The data model representation. Schematic representation of genetic–epigenetic interdependencies in healthy phenotype and aberrant phenotype, indicating different stages of colon oncogenesis. The conditional relationships are represented by edges connecting two MolecularEvents nodes (blue circles); the simple relationships are represented by edges connecting a StartEvent node (violet circle) and a MolecularEvent node (blue circle). The edge type is given by the phenotype [i.e., healthy, aberrant (polyps, adenoma, carcinoma, or metastasis)], and the edge direction is indicated by the conditionality of the event relationship. Relationship probability value is stored as an edge attribute. Information on gene name and event type is stored as node attributes. Event types are genetic or epigenetic signals, including hyper/hypomethylation, mutation, histone modifications, gene expression, and loss of heterozygosity. In addition, details on experimental analysis (including publication identifier in the PubMed database and the sample number considered) are stored as edge attributes.
The StartEvent node label was introduced for representation of simple relationships [such as expression (Equation 1)] to facilitate distinction between these and self-relationship terms. Thus, a simple relationship is represented by an edge from a StartEvent node to a MolecularEvent node, where both nodes contain the same information on gene symbol and event type. Information on phenotype levels indicates edge type, with simple probability value stored as an attribute of the edge (denoted as the “SimpleProbValue”). Similar to conditional relationship, details on the publication identifier and sample number of the experimental analysis are stored as “Pmid” and “TestedSampleNo” edge attributes, respectively. Hence, the simple relationship shown in Equation 1 (which indicates the probability of gene APC being hypermethylated when phenotype is adenoma) is represented by an ADENOMA edge connecting a StartEvent node (with key = APC hypermethylation) to a MolecularEvent node with the same key (Fig. 1); this edge has attributes, Pmid = 18716850 (Dhir et al., 2008) and TestedSampleNo = 25.

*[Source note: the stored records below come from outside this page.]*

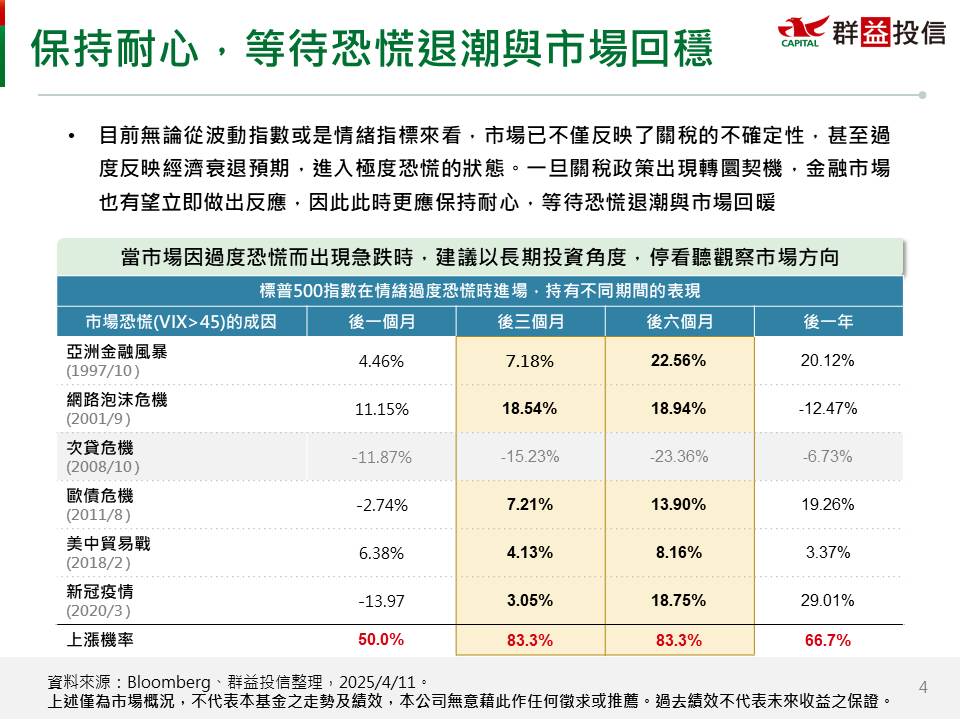 目前無論從波動指數或情緒指標來看,市場已不僅反映了關稅的不確定性,甚至過度反映經濟衰退預期,進入極度恐慌的狀態,一旦關稅政策出現轉圜契機,金融市場也有望立即做出反應,因此此時更應保持耐心,等待恐慌退潮與市場回暖。
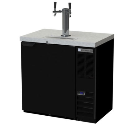 The Beverage Air DD36HC-1-B draft beer cooler can accommodate one half keg in its base. The base cabinet is lined with galvanized steel and has a reinforced stainless steel floor that won’t collapse under the weight of heavy kegs. Its dispenser has two taps so bartenders can fill multiple glasses at once.
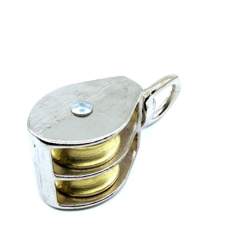 Kladka dvoukolečková otočná s ocelovými kolečky je pozinkovaná. Otočení slouží k lepšímu otáčení břemene. Otočný závěs v podobě oka ve tvaru D a samotné pouzdro kladky je ze zinkové slitiny.

Data from StatEpigen were filtered to include only results where both molecular events are present in the conditional relationships and information on the tested sample number is given. In cases where different studies have reported the same conditional/simple relationships, but with different probability values, these data were combined to give a single conditional/simple relationship with probability value calculated from a weighted arithmetic mean (expectation) based on the initial probability values and tested sample numbers. The data model is represented in Figure 1, and details on the number of edges corresponding to the phenotypes are given in Table 1.

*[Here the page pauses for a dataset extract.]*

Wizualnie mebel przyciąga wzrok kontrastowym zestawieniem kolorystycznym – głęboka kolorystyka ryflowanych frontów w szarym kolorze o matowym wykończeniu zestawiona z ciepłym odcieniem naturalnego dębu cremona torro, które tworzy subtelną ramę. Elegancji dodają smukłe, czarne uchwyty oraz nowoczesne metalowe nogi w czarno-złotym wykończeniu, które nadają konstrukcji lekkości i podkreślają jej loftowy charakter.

3.3. Availability of the database
The framework described above was developed predominantly in JAVA (eclipse) using the Neo4j 2.3.1 functionality. It is available for noncommercial purposes, and the code files developed to populate the Neo4j graph database using the StatEpigen data are freely available (see the first Reference). The queries described further can be explored (see first Reference for url).
4. Results and Discussion
4.1. Identification of molecular conditional relationships observed in adenoma, but not reported for polyps phenotype (according to StatEpigen data)
Identification of abnormal molecular modifications, specific to adenoma (from empirical StatEpigen sources) together with corresponding polyps phenotype, may facilitate understanding of mechanisms leading to CRC initiation. In Listing 1, we use the Cypher language to address this question and to query events that are exclusively related to adenoma with no polyps phenotype information (based on StatEpigen curation).
The results, for Listing 1, include a set of 43 conditional relationships between genetic–epigenetic events in adenoma, with multiple interdependencies between signals affecting MGMT, APC, TP53, KRAS, and CDKN2A (P14 and P16) genes. The query can be modified to explore differences between different colorectal phenotypes (e.g., adenoma and carcinoma, carcinoma and metastasis) or to include filters on probability values [e.g., all conditional relationships for which the probability is above a given threshold, T = 0.60 (Listing 2)]. With this probability threshold, results from Listing 2 include a set of 26 conditional relationships only, where the subset of the multiply-connected molecular events affects APC, MGMT, and CDKN2A (P14 and P16) genes (Fig. 2).

Subnetwork containing molecular conditional relationships observed in adenoma but unreported for the polyps phenotype; only the conditional relationships with probability T >0.60 (Listing 2) are displayed. Legend: nodes: epigenetic and genetic events (e.g., APC hypermethylation, KRAS mutation); edges: colon adenoma (i.e., the phenotype where the molecular signals were observed). Information on probability value of the conditional relationships is stored and displayed as edge's attribute.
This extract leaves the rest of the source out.